╭─ MATERIAL FOR THIS EXERCISE

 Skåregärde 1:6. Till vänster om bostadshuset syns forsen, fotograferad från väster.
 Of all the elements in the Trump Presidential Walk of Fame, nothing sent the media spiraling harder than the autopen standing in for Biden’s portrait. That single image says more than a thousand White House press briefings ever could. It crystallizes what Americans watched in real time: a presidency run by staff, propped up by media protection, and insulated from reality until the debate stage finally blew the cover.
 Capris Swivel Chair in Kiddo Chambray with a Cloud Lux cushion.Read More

╰─
╭─ MATERIAL FOR THIS EXERCISE

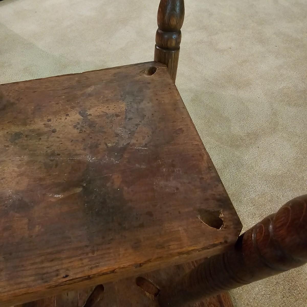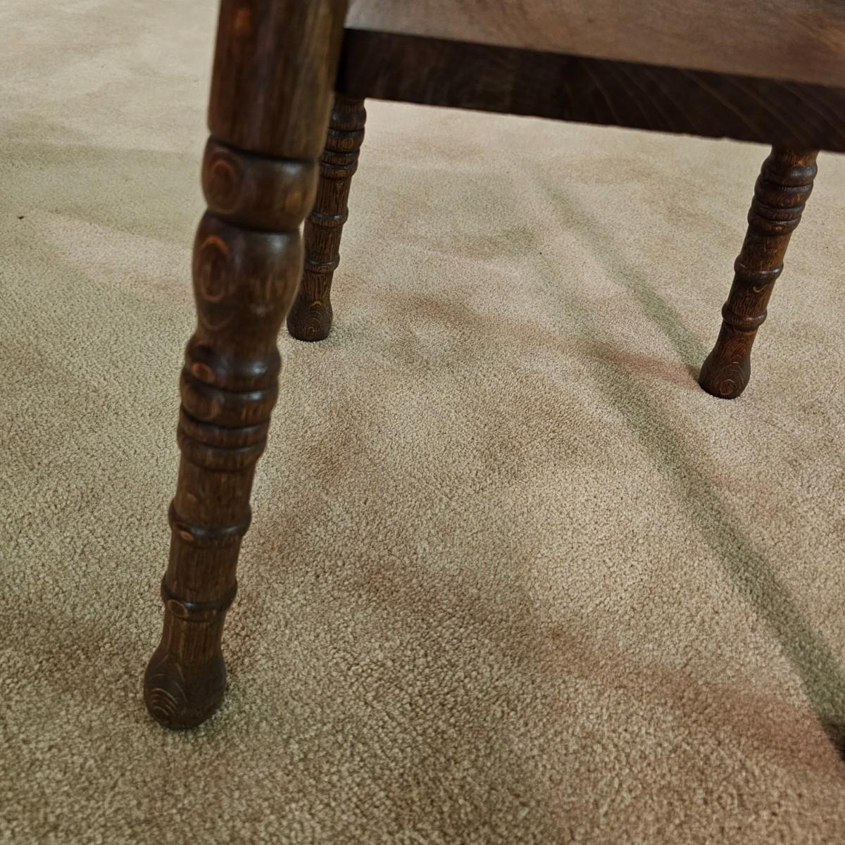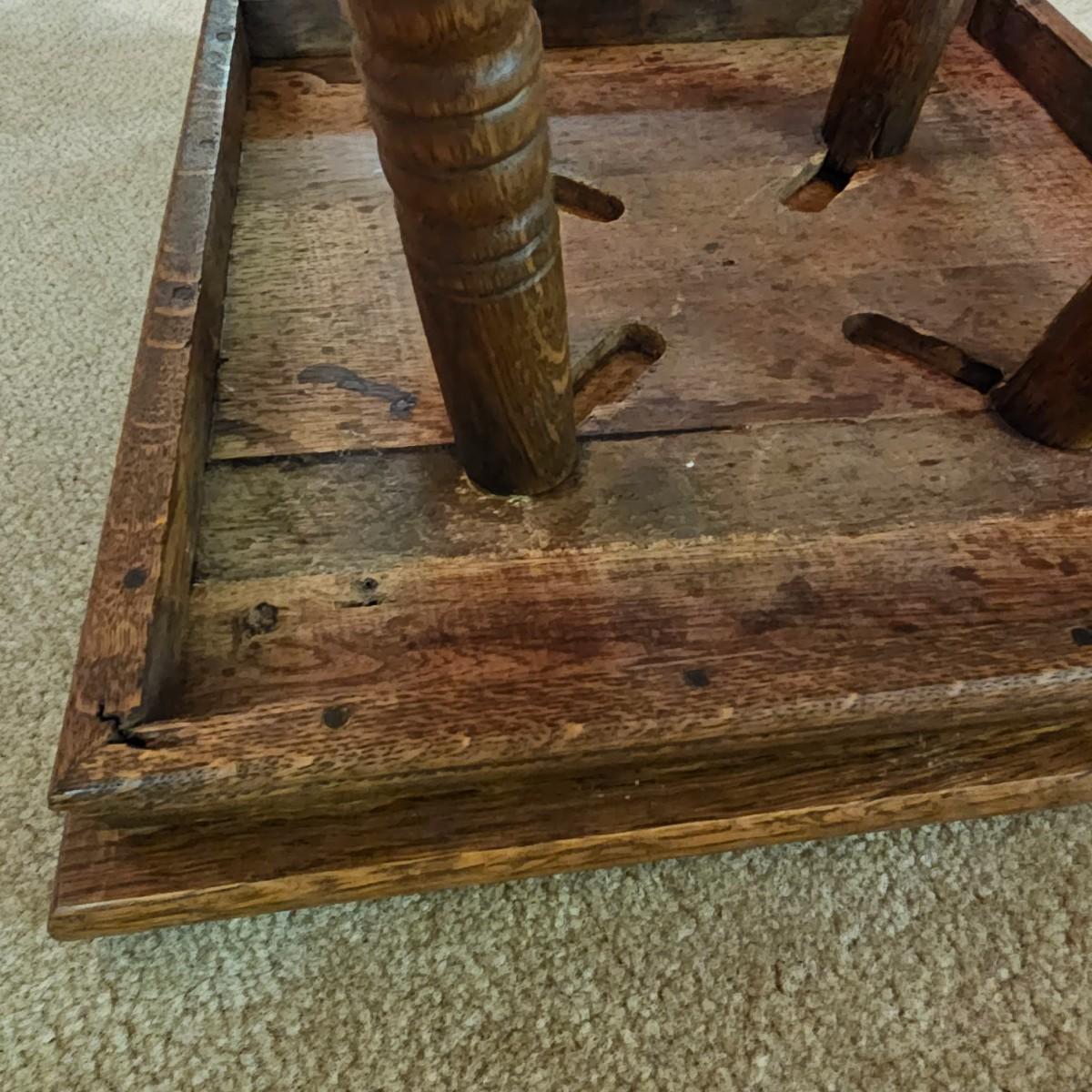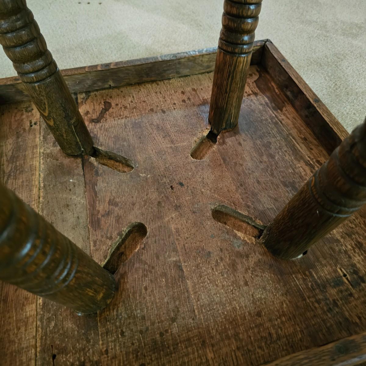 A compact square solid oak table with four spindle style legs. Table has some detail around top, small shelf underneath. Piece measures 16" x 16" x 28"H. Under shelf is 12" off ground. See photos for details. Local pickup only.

╰─

◆ TASK ITEM: Return, word for word, the lines of the data above from the line with "Skåregärde 1:6. Till" through the line with "Capris Swivel Chair", inclusive.

◆ ANSWER TO THE EXERCISE:
 Skåregärde 1:6. Till vänster om bostadshuset syns forsen, fotograferad från väster.
 Of all the elements in the Trump Presidential Walk of Fame, nothing sent the media spiraling harder than the autopen standing in for Biden’s portrait. That single image says more than a thousand White House press briefings ever could. It crystallizes what Americans watched in real time: a presidency run by staff, propped up by media protection, and insulated from reality until the debate stage finally blew the cover.
 Capris Swivel Chair in Kiddo Chambray with a Cloud Lux cushion.Read More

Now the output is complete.